Locating the kernel PGD on Android/aarch64

by Vitaly Nikolenko

Posted on December 21, 2020 at 6:40PM

Thought I'd do a quick post explaining what I was trying to say in my tweet since all the questions/comments were mostly "but you need some arbitrary read to read that page" or "but you need to know where _text is on a KASLR enabled device." Yes and yes to both of these. I was referring to a post-exploitation technique where you already have some arbitrary/partial kernel read/write working.

Why would you want to locate the kernel PGD (read &swapper_pg_dir)? To bypass certain kernel exploitation mitigations on certain devices. If that doesn't make sense, go back and re-read KSMA (kernel space mirroring attack) or at least that's what the term was coined as on Android/aarch64 after it was simply called "modifying page tables" on x86 back in the days. But in vulnerability research, as you may know, everything old is new again.

Hopefully that clears up the intention to find the PGD. So in order to locate the kernel PGD (or to be specific the address where ttbr1 points to), you need to know where the _text starts. If you have access to kallsyms - great, just extract it from there. If not, search for the kernel magic (yes, kernel magic is real!) - generally start with a known text address ideally as close to the start of the text segment as possible and work your way backwards until you find the kernel magic value. The page containing the kernel magic has two useful values (1) kernel text offset and (2) kernel image size.
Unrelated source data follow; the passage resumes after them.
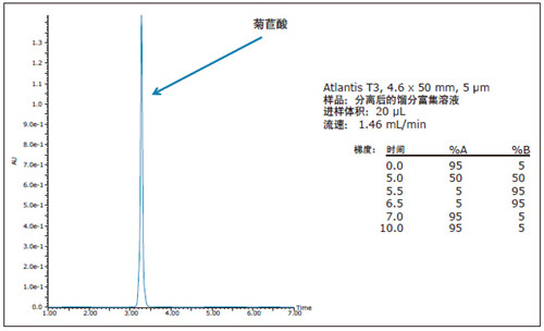 圖2. 紫錐菊粗提取物中菊苣酸(4)以及一種微量雜質(zhì)(3)(菊苣酸同分異構(gòu)體)的制備級分離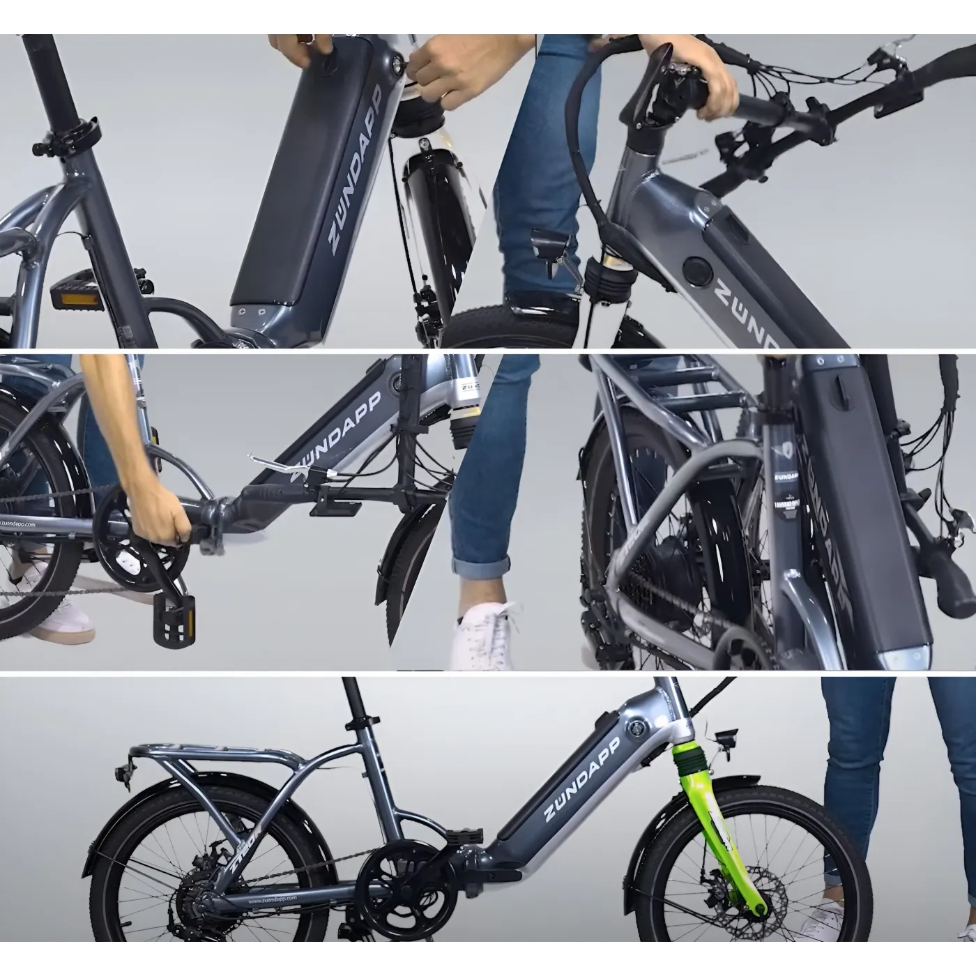 🚲 Składany Zundapp ZT20R łączy w sobie zalety konwencjonalnego roweru składanego z napędem elektrycznym, dzięki czemu jest elastycznym, przyjaznym dla środowiska środkiem transportu w miastach. Nadaje się zarówno do dojazdów do pracy, jak i na zakupy, łącząc codzienny sportowy charakter z praktycznością.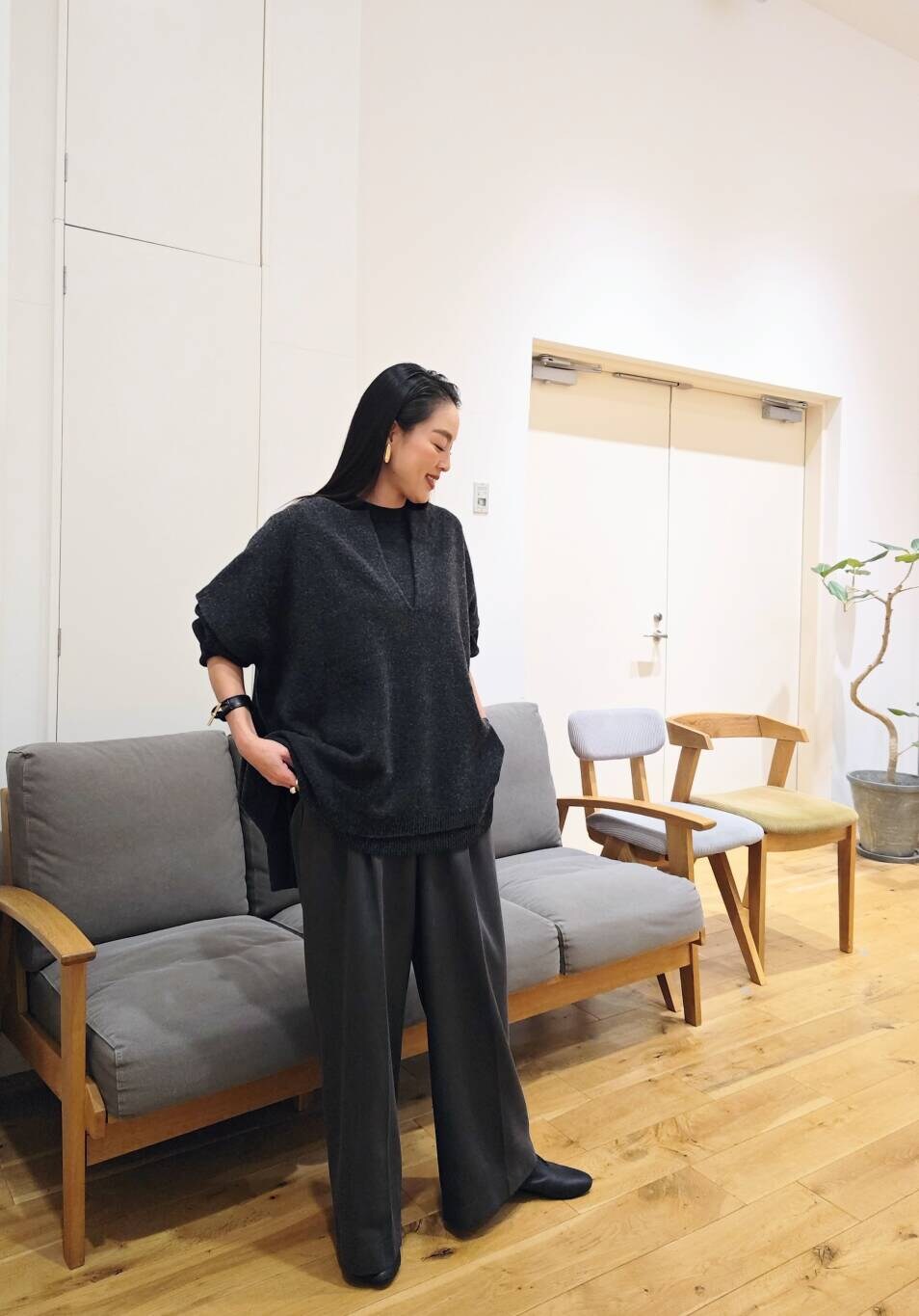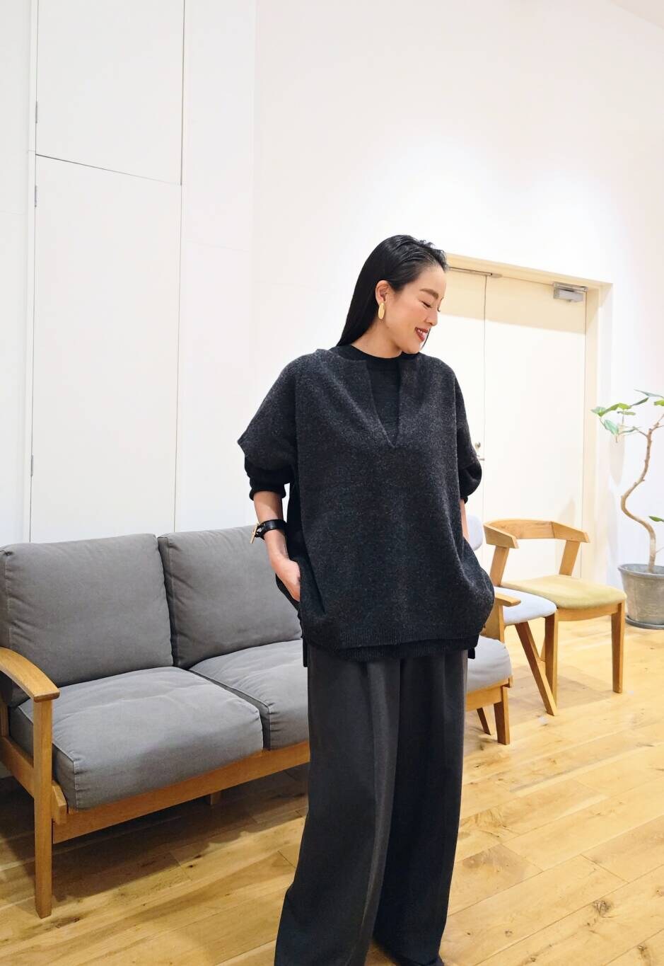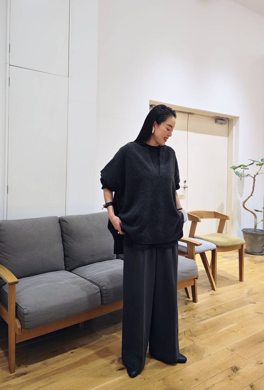 ワイドなシルエットですが落ち感がありすっきりした印象です。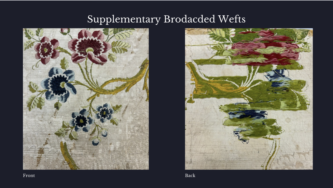Fiber and Fabrics was one of the first classes Parker took upon starting at FIT. Within this class, she learned about weave structures, how to identify fibers, and more. For both her presentations, she worked to examine an object for its purpose, weave structure, and fiber content. She also brought in comparable images to assist in dating the objects.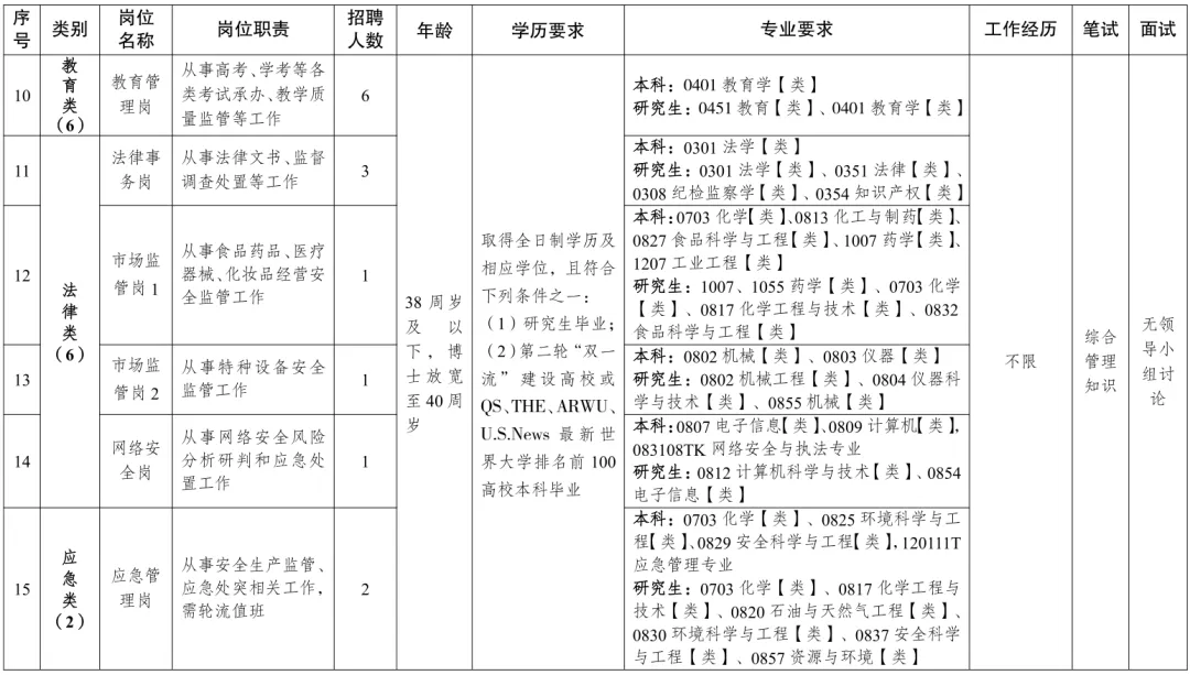 1.笔试科目。《综合管理知识》(分值100分),包括时事政治、国情市情、法律法规、经济、管理和写作能力等。笔试暂定于2026年1月10日(星期六)9:00—12:00,具体考试时间及地点详见准考证。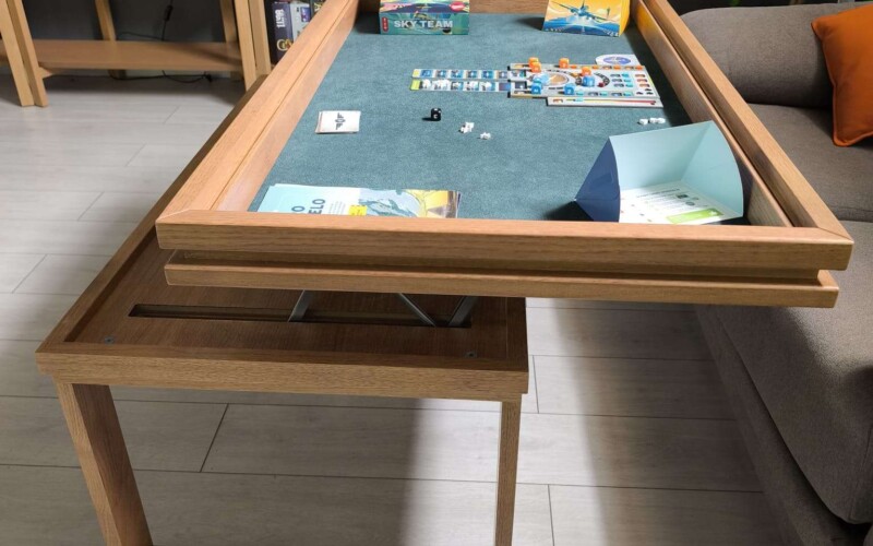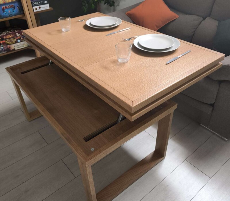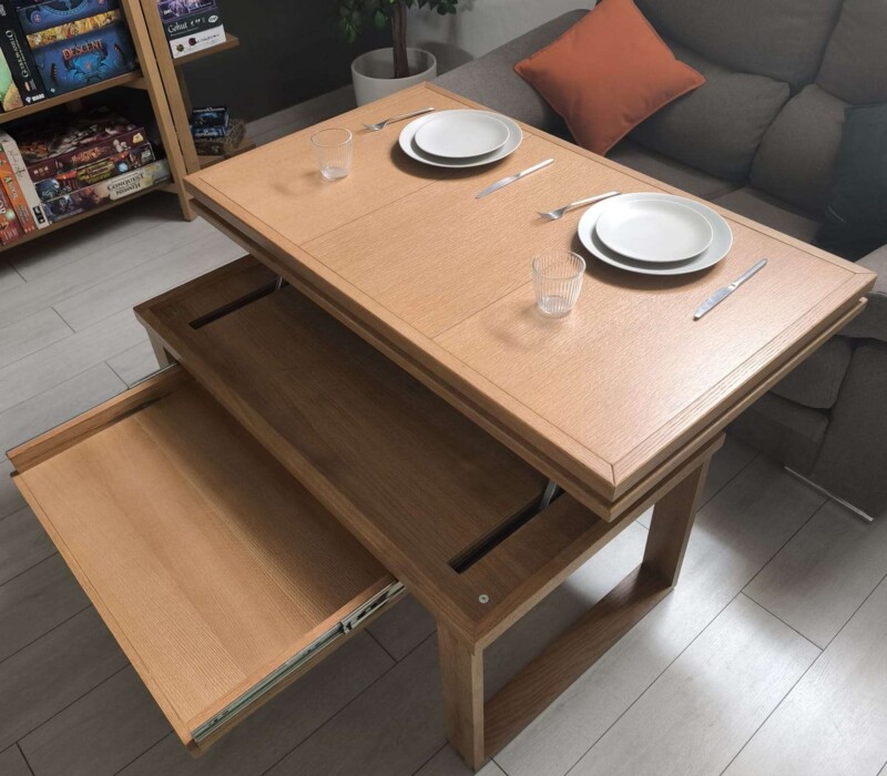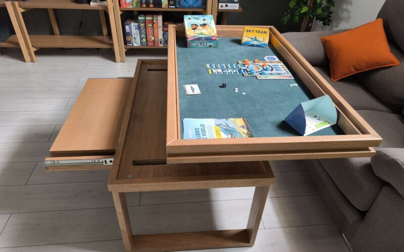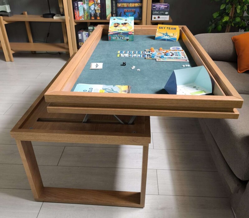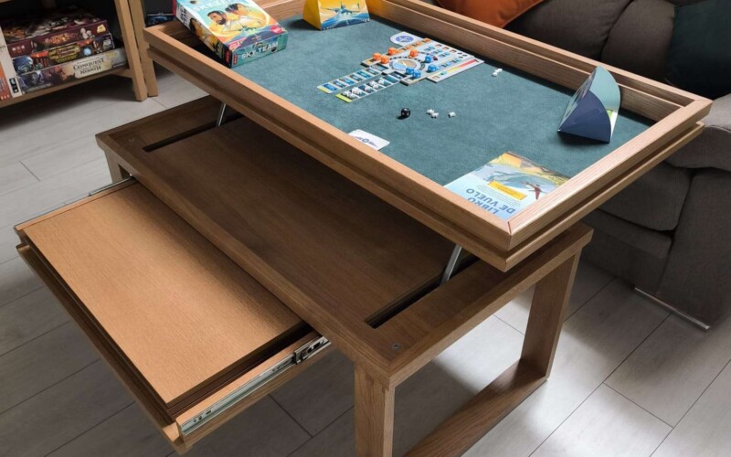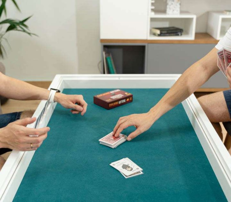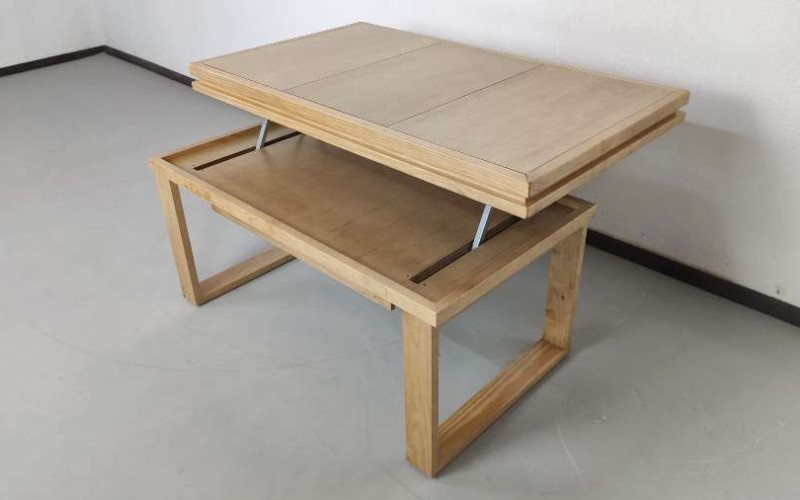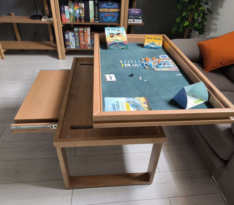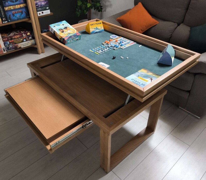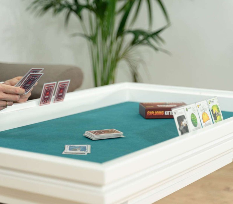 Table hand-crafted with solid oak or pine wood (PEFC ecological certificate). High strength varnish. Choice of colour. It is not made in special measures. Three wooden leaves cover the gaming vault. Push mechanisms elevates the first leave”. Fixed insert . External nails for accessories. Internal rail systems to hold cards. No compatible with LED lighting. Compatible with elevator system and with a drawer to store lids.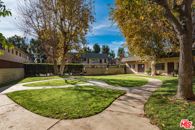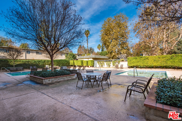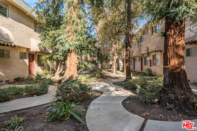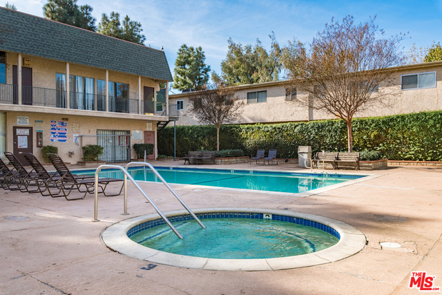 Come home to this lovely townhouse. Sensible design with 1/2 bath downstairs, dining area off living room, tile floors, and slider to enclosed spacious patio with water and electricity. Upstairs floors are beautiful laminate. Both bedrooms have large walk-in closets and privacy. Ceilings are smooth. Newer Lennox central air recently installed. All just painted. HOA recently re-plumbed building and per HOA no assessments are anticipated. Complex has beautiful, large pool and buildings are situated along meandering walkways with beautiful trees.
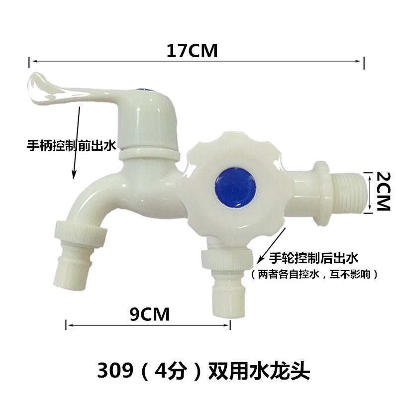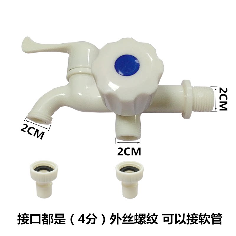 Plastic washing machine tap Double with double head three-way dual-use 10% Two single cold nozzle tap into two out of tap
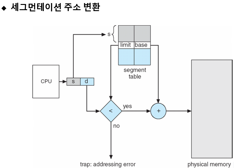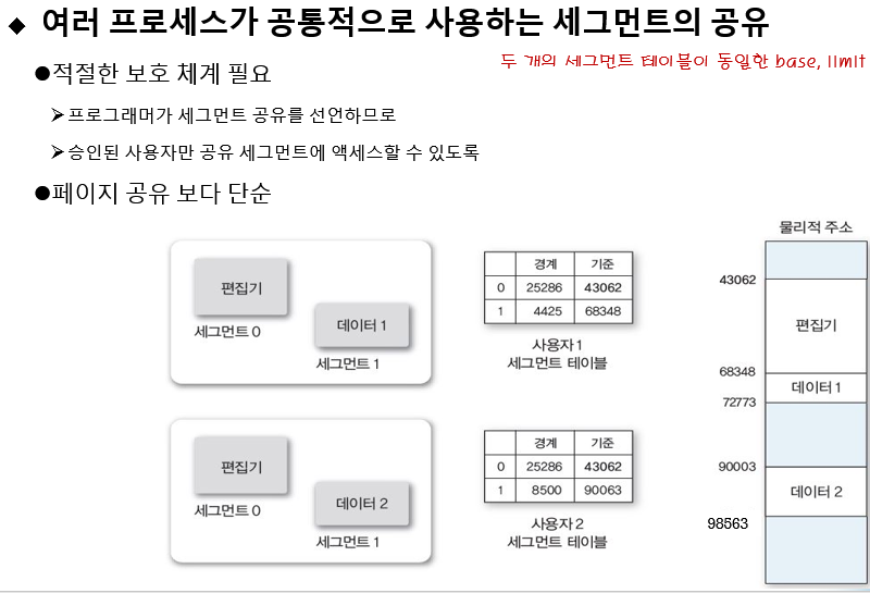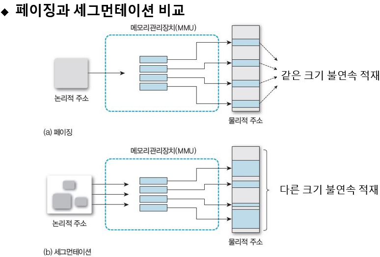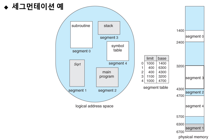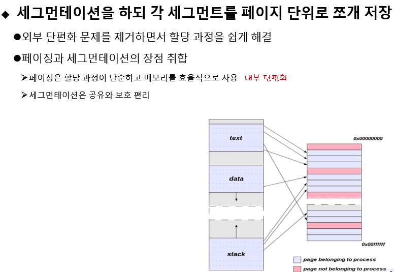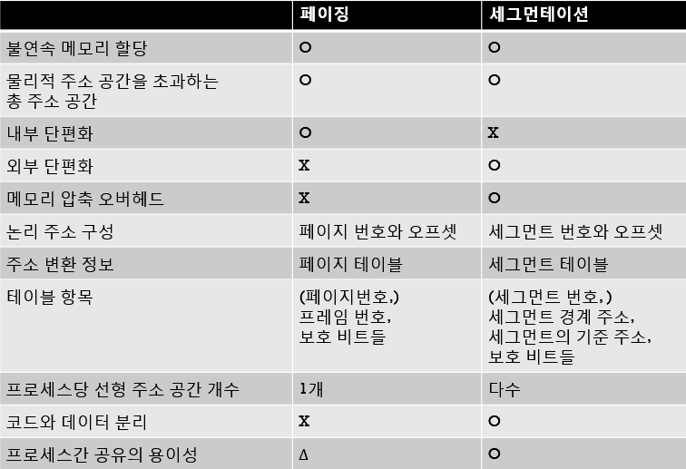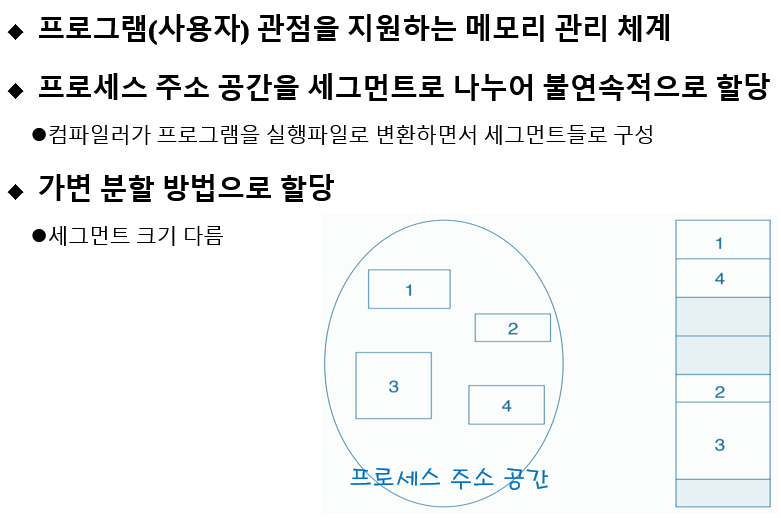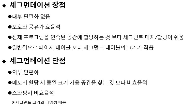 - -세그먼테이션은 동적 대치 알고리즘을 사용하므로 원할 때마다 메모리 압축 가능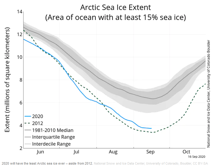 Compare and contrast the extent of sea ice between the 1981-2010 median, 2012 and 2020. [4]

sunfish:/ # grep _text /proc/kallsyms | head -1
ffffff93e7880000 T _text

For example, on my test device with KASLR enabled, the second and third qwords below are the kernel text offset and image size. If you know the virtual address of _text or any virtual address within that page, the PGD can be located by adding the image size to the _text and subtracting two pages:

(gdb) x/4xg 0xffffff93e7880000
0xffffff93e7880000:     0x0000000014608000      0x0000000000080000
0xffffff93e7880010:     0x0000000002426000      0x000000000000000a
(gdb) x/xg 0xffffff93e7880000 + 0x0000000002426000 - 0x2000
0xffffff93e9ca4000:     0x00000001f303f003
(gdb) p/x &swapper_pg_dir
$1 = 0xffffff93e9ca4000

If the virtual address of _text segment is not known, the kernel PGD can be found in physmap as well. Assuming physmap is not randomised, we have the following:

(gdb) x/xg 0xffffffc000000000 + 0x0000000002086000 + 0x0000000000080000 - 0x2000
0xffffffc002104000:     0x00000001fa7fe003

where 0x80000 is the kernel text offset from above. If physmap is randomised, we can still search for certain markers (kernel magic?) and find the physmap slide.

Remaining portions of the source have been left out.